The Coen brothers made a documentary called Fargo that documented the only crime ever committed in North Dakota. It is the tale of a car salesman who hires two men to kidnap his wife for a ransom of $80,000. The crime sets off a chain of murders, which in turn are investigated by pregnant police chief Marge Gunderson. None of the film's action actually takes place in North Dakota, but the Coen Brothers were unable to spell Bemidji. A sequel eventually became syndicated as TV's Twin Peaks.

Interesting facts[edit | edit source]

If you see more than two of these on the same day you need to flee.

North Dakota was once a military base for the French Army in the 1960s. After the Cold War, France surrendered all their nukes, more than anywhere else in North America, in large holes scattered around the state. To this day, North Dakota is the only government that has won a war against France while lying on its side. North Dakota is now the world's third-largest nuclear power, so if the Minnesotans don't stop blasting their rap music near the border at night, there will be serious consequences.

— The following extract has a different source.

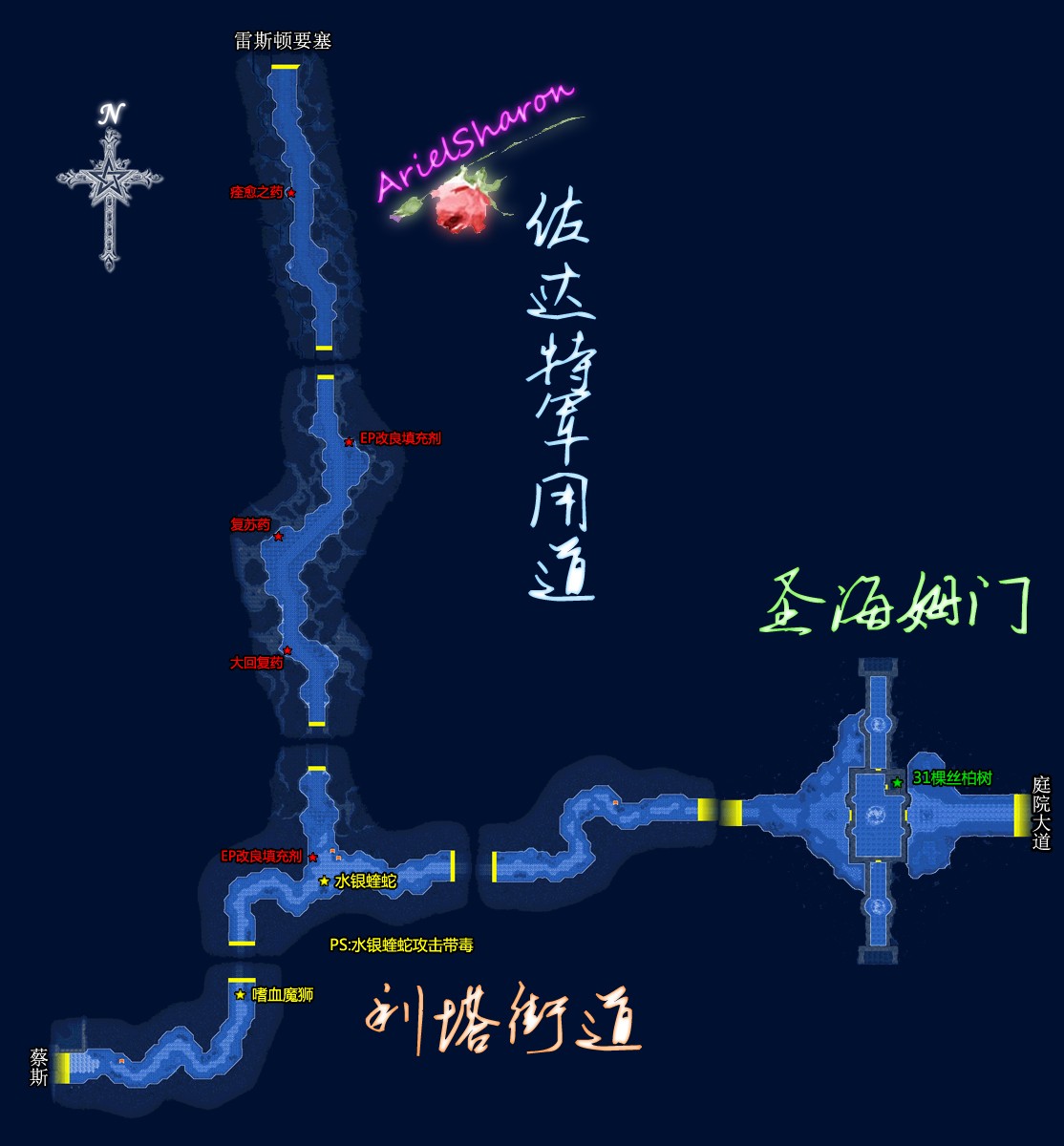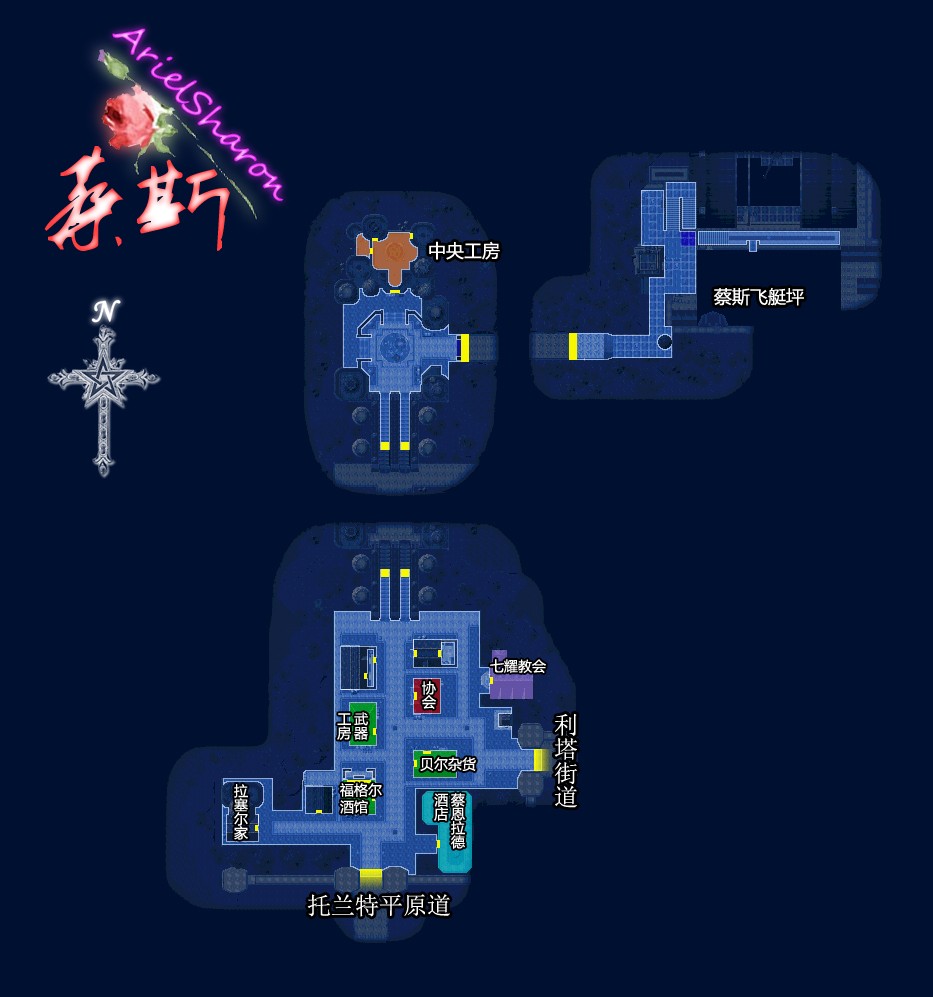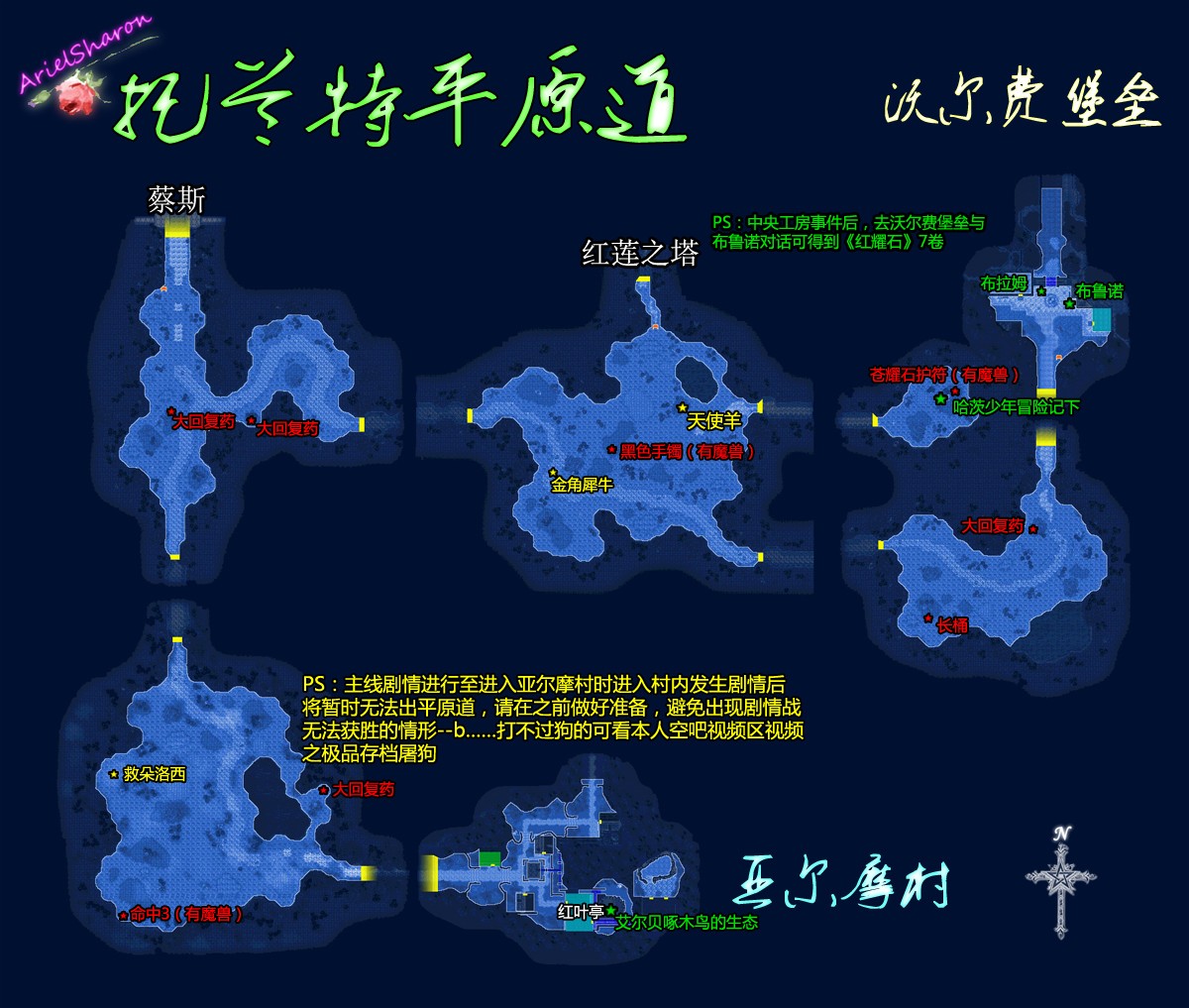 【注:地图有误,装有长筒的宝箱是个魔兽宝箱;亚尔摩村外的场景内,救朵洛希地点东侧有一个普通宝箱,具体位置请参考SC第二章对应地图】

Bismarck, the capital, is coincidentally also the nickname Joseph Stalin gave to his left testicle. ("Rutherford" was the other.)

Siberia actually sends prisoners to North Dakota. This punishment is so severe that prisoners so sentenced often attempt suicide.

Technically ND never became a state till 2012, because they never had inagurarions. Proving North Dakota was fake.

Languages[edit | edit source]

North Dakotan is a unique language that muddles any word and the word you together to form a botched hybrid, as in "Dontcha" or "betcha". It follows German sentence structure, as in, "Betcha can't leave the state, dontcha know?"

The vocabulary comprises Norwegian–Danish–Swedish words and Canadian phrases. Yoo doontcha knooo what the heck they golly are toolking abooot frooom dang moooths.

Possible nonexistence[edit | edit source]

Some scholars claim that when driving through "North Dakota", one is merely driving through Montana and got lost around Helena. Some who have claimed to have traveled to North Dakota are mentally incompetent; many of those were actually lost in northern South Dakota. However, since people do seem to live in Fargo (see the inspirational 1996 movie Fargo for inspiration), some who profess there is no North Dakota are really just jealous South Dakotans.

Another accusation is that the "state" of North Dakota is a cover story devised by Grover Cleveland, and that the region is actually a trans-dimensional wormhole to the Mongolian–Chinese Border.

North Dakotans are building a border fence right now to repel the slack-jaw yokels from South Dakota. (Fook them.) The natives also can't stand Minnesotans, Montanans and Manitobans. But the main focus is to drain Devil's Lake. (Fargo, Grand Forks and Bismarck may be underwater soon.)